## Directions for this task
In the records below, find the line with "Mosadzný visiaci zámok, vodorovný" and the line with "Administratívna časť /"; return exactly those lines and every line between them.

━━━━━ Given records

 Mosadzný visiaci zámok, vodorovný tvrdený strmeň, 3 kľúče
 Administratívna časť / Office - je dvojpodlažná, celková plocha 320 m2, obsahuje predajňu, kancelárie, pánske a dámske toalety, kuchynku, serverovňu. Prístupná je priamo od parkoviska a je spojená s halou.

━━━━━━━━━━
━━━━━ Given records

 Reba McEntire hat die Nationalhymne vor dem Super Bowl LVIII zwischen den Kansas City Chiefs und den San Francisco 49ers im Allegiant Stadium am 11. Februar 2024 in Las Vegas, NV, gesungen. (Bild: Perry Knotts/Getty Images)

━━━━━━━━━━

## Solution to this task
 Mosadzný visiaci zámok, vodorovný tvrdený strmeň, 3 kľúče
 Administratívna časť / Office - je dvojpodlažná, celková plocha 320 m2, obsahuje predajňu, kancelárie, pánske a dámske toalety, kuchynku, serverovňu. Prístupná je priamo od parkoviska a je spojená s halou.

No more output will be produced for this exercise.